Women held rallies around the globe on 8 March International Women’s Day, focusing in particular to women in Iran and Afghanistan fighting for their freedom.
Iran has cracked down on hundreds of women as protests against compulsory hijab and powers of the morality police continue in their sixth month, and Afghanistan’s Taliban has gradually banned girls from attaining an education in the country.
Protesters in London marched to the Iranian embassy, Reuters reported.

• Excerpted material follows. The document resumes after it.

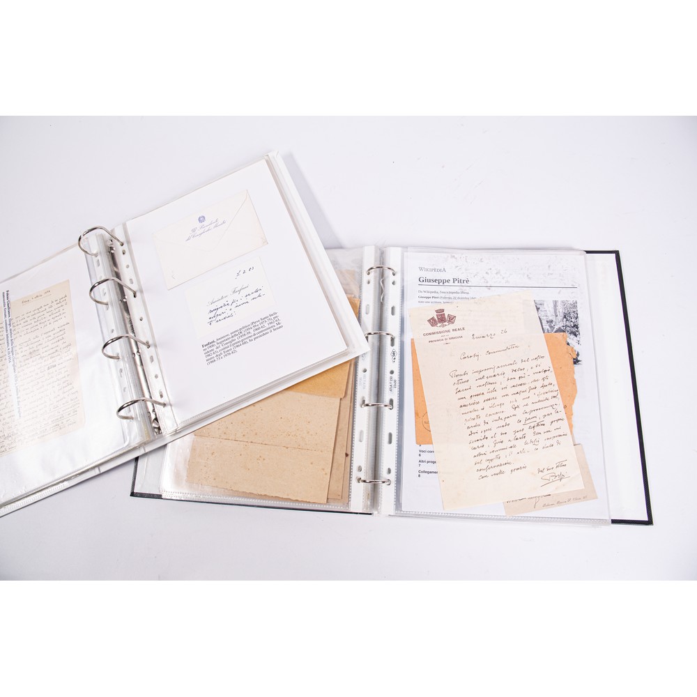 DUE RACCOGLITORI DI AUTOGRAFI E BIGLIETTI DA VISITA di personaggi del mondo del teatro, dell’arte, della letteratura, della cultura, delle scienze, della politica e dell’industria del periodo fine del XIX - XX secolo. I due raccoglitori contengono complessivamente 91 pezzi.

Rallies in Paris, Berlin, Beirut, Manila, Jakarta and Singapore called attention to the women in both counries, and Roza Otunbayeva, head of the UN Assistance Mission in Afghanistan, said it was “distressing” to witness the Taliban’s “methodical, deliberate, and systematic efforts” to push Afghan women and girls out of the public sphere.
Reporter Without Borders (RSF) condemned the arrest of female journalists in Iran in a statement. The journalist who visited Iranian Kurdish young woman Jîna (Mahsa) Amînî in the hospital as she fell into a coma while under custody of the morality police, Nilufar Hamedi, and the journalist who covered Amînî’s funeral, Elahe Mohammadi, both face charges of propaganda against the regime and conspiring against Iran’s national security, crimes that could have them executed.
“Women journalists have paid the price for being at the front line in recent crises,” RSF said.
RSF called for “the immediate and unconditional release of imprisoned women journalists throughout the world”, and warned the world that women were disappearing from the Afghan media landscape.
🔴Iran, Myanmar, Belarus, Afghanistan…Women journalists are paying a heavy price for being at the front line of recent crises.
Sadaf Rahimi, Afghan journalist exiled in France, spoke about the harassment of women journalists in #Afghanistan ↓ #8marchhttps://t.co/K88cBSSzdP pic.twitter.com/ZN3G382PYr
— RSF (@RSF_inter) March 8, 2023
In Pakistani capital Islamabad, Afghan refugees and women from the Hazara community took part in the march and demanded refugees’ and women’s rights for Afghans, The Guardian reported.